BEGIN Dataset content
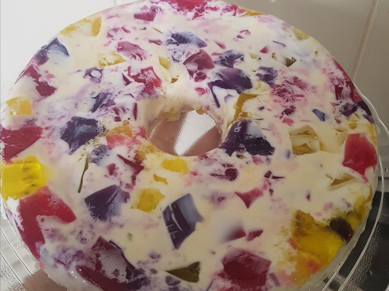 Adicione as gelatinas aleatoriamente. Um pouco de cada e adicione um pouco do líquido do liquidificador, e novamente com a gelatina e por último com o líquido. Pronto, leve para a geladeira para que fique durinha e pronto.
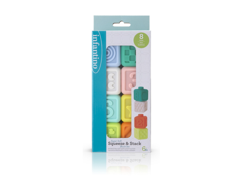 Měkké kostky v různých barvách a s různými texturami včetně čísel jsou propojitelné pro variabilní hraní. Pomáhají rozvíjet hmat i další smysly dítěte. Rozměry jednotlivé kostky: 48 x 48 x 48 mm Vhodné pro děti od 6 měsíců.
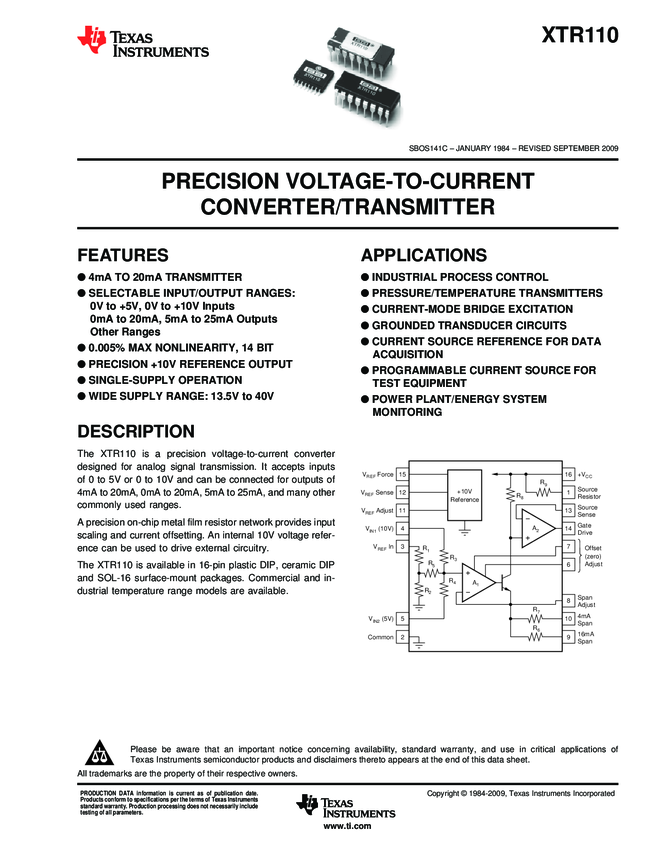 XTR110BG Voltage to Current Converter 16-Pin SBCDIP Tube
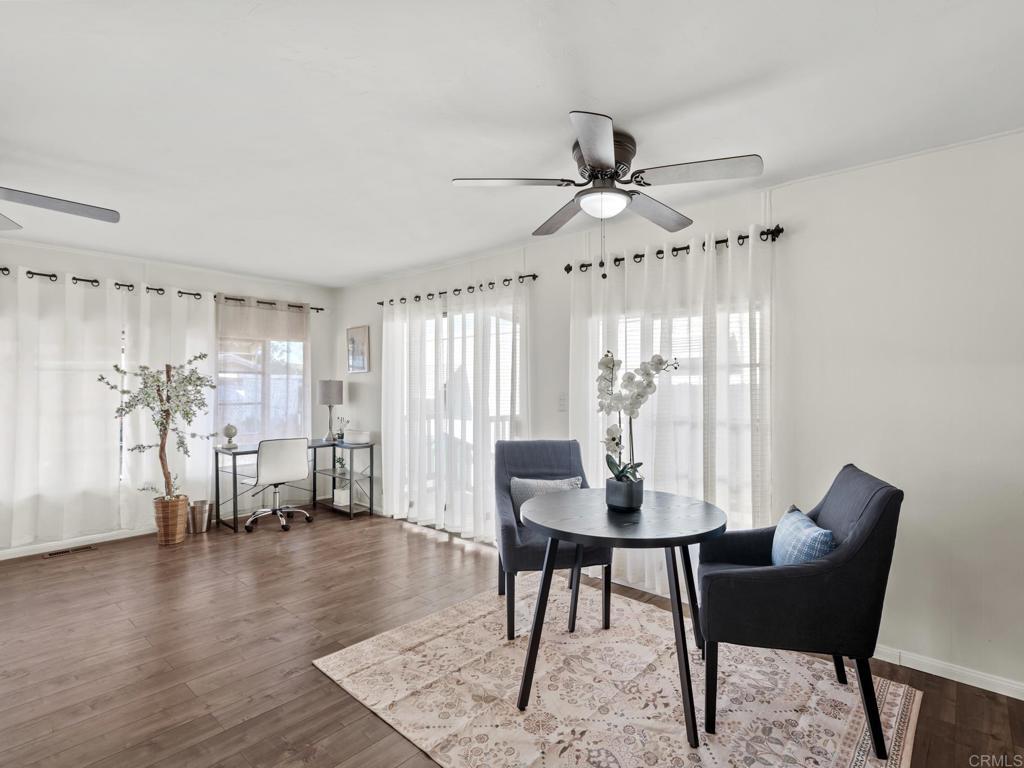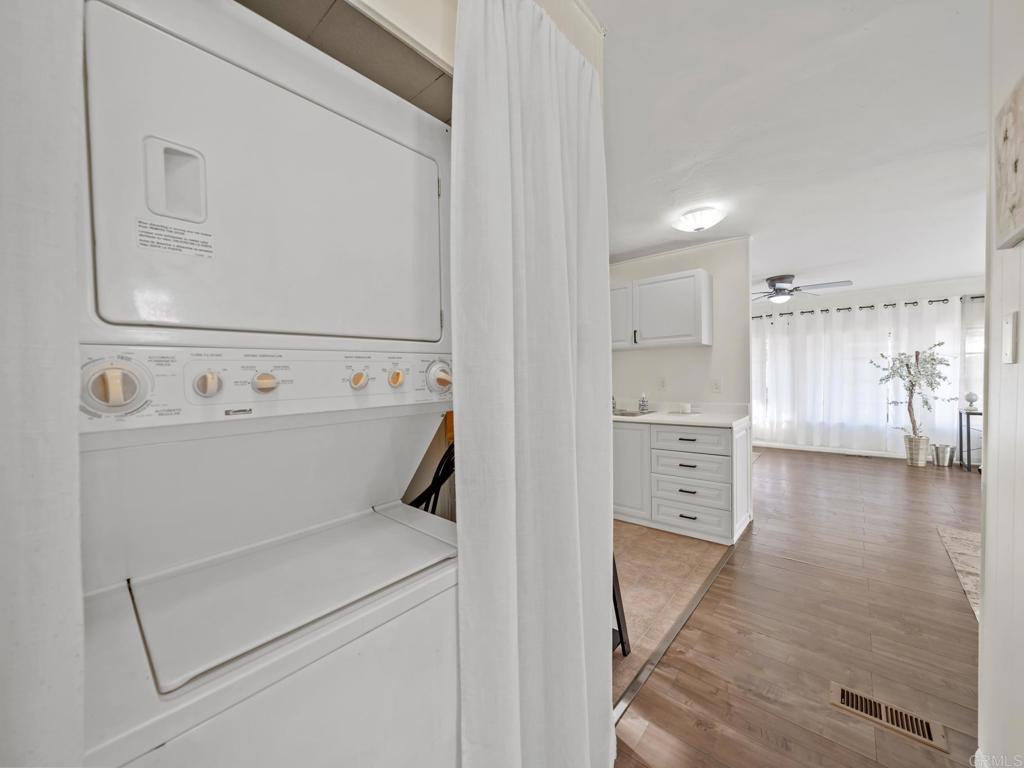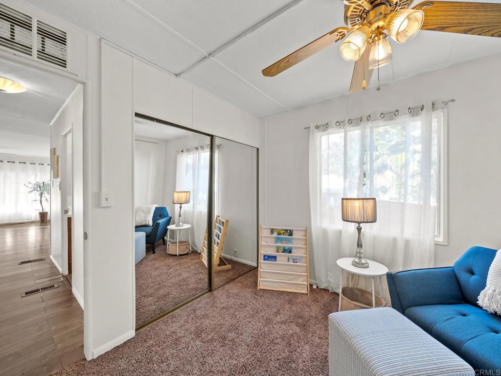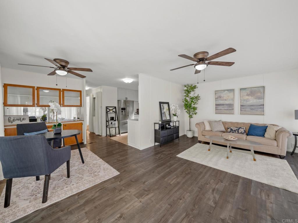 Spacious and MOVE-IN READY for the 55+ and 35+ community! This modernized 2-bedroom mobile home in the heart of Santee offers some of the most affordable housing in San Diego. The interior features an open floor plan with laminate flooring, new carpets, and updated cabinetry. The kitchen includes a stainless steel refrigerator, while the rest of the home features an updated bathroom, updated lighting with ceiling fans, a laundry closet with a stackable washer/dryer, and a newer water heater. The location offers high walkability scores, allowing you to walk to Sprouts, shopping, dining, and parks without needing a car. However, a dedicated parking spot is included directly in front of the unit. Outside, the property features a private patio deck and space for storage sheds. The monthly rental space (land lease) is $686.17 and covers water and trash. Additional fees are low, consisting of a $44 flat sewer fee and a $3.00 rent control fee. This home provides privacy, easy access to essentials, and quick access to freeways to reach all of San Diego. This is a highly competitive price point for long-term affordable housing, and pets are allowed!
END Dataset content
Problem description:
Restate word for word the lines running from the first line of the material to the line containing "XTR110BG Voltage to", inclusive, and drop every picture.

Result for this task:
 Adicione as gelatinas aleatoriamente. Um pouco de cada e adicione um pouco do líquido do liquidificador, e novamente com a gelatina e por último com o líquido. Pronto, leve para a geladeira para que fique durinha e pronto.
 Měkké kostky v různých barvách a s různými texturami včetně čísel jsou propojitelné pro variabilní hraní. Pomáhají rozvíjet hmat i další smysly dítěte. Rozměry jednotlivé kostky: 48 x 48 x 48 mm Vhodné pro děti od 6 měsíců.
 XTR110BG Voltage to Current Converter 16-Pin SBCDIP Tube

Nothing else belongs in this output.